Developed countries like the United States and the United Kingdom are farther behind on their carbon reductions than their national inventories show, after factoring in the emissions associated with goods they import from elsewhere, according to a new import-export database developed on behalf of Carbon Brief.
“While the U.S. and many European countries have reduced their domestic emissions over recent decades, some of this reduction has been offset by increasing imports from countries, such as China, that have a more carbon-intensive energy mix,” reports analyst Zeke Hausfather. After adjusting for that reality, the differences are stark: the UK shows only an 11% GHG reduction between 1990 and 2014, rather than 27%, and domestic emissions in the U.S. increase 17%, rather than falling 9%.

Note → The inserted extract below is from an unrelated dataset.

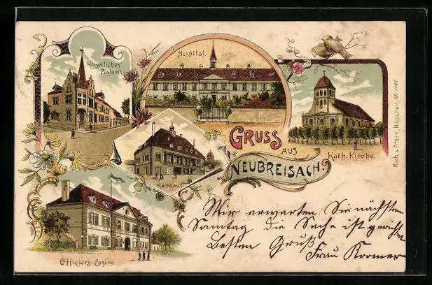 Lithographie Neubreisach, Kaiserl. Postamt, Hospital, Rathaus

“There is a fundamental question of who is responsible for emissions: the countries that directly emit CO2, or the countries that purchase goods associated with those CO2 emissions,” Hausfather explains. “By tracking ‘consumption emissions’ that account for imported CO2 from trade, researchers can, to some extent, account for carbon transfers associated with the decline of manufacturing in developed countries over the past few decades.”
The approach runs counter to national emissions inventories produced by the United Nations Framework Convention on Climate Change, which only considers emissions produced within a country’s borders. That arguably means misplacing export-related emissions that “have grown dramatically since the early 1990s,” Hausfather says, “accounting for a growing share of total consumption emissions of most developed countries.”
Carbon Brief’s summary gives a detailed explanation of the input-output model behind the analysis and traces the changes in countries’ emission profiles based on their imports and exports.